= Louis W. Marcus =

American judge (1863–1923)

Louis William Marcus (May 18, 1863 – August 18, 1923) was a Jewish-American lawyer and judge from Buffalo, New York. He was a justice of the New York Supreme Court.

== Early life ==
Marcus was born on May 18, 1863, in Buffalo, New York, the son of Leopold and Amelia Marcus. Marcus attended public school and Williams Academy. He then went to Cornell Law School, graduating from there with an LL.B. in 1889.

== Career ==
Marcus was admitted to the bar when he was twenty five, and in 1890 he helped form the law firm Swift, Weaver & Marcus. When Swift withdrew from the firm in 1892, it continued under the name Weaver & Marcus. The firm ended with Weaver's death in 1894.

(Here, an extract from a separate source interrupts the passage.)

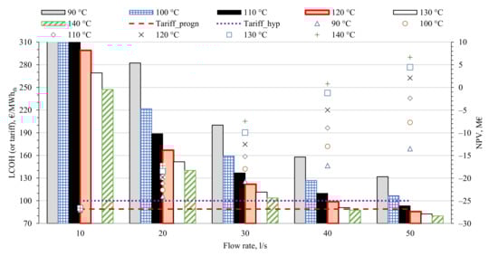 LCOH (columns), prognosed heat tariff for the campus (dashed line), hypothetic heat tariff for the campus if CO2 tax is 100 €/t (dotted line), and NPV (symbols) for the reference case. Note: the values of LCOH for 90 °C, 100 °C and 110 °C under 10 l/s are 525, 406 and 342 €/MWhth, respectively.
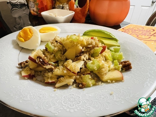 Добавить киноа. Все аккуратно перемешать. Грецкие орехи поджарить, измельчить, соединить с медом.

In 1895, Marcus was elected judge of the Surrogate's Court of Erie County as a Republican. He was re-elected judge in 1901. In 1905, Governor Frank W. Higgins appointed him Justice of the New York Supreme Court to succeed the retiring Edward W. Hatch. He was elected to the position in 1906, and in 1920 he was re-elected for a fourteen-year term. He served as Justice until his death.

== Personal life ==
In 1889, he married Ray H. Dahlman. Following Ray's death in 1917, he lived with his sister Rosalind C. Marcus. Marcus was a member of Delta Kappa Epsilon, the Freemasons, the Shriners, the Buffalo Club, and the Country Club.

Marcus died from a year's long illness on August 18, 1923. He was buried in Forest Lawn Cemetery.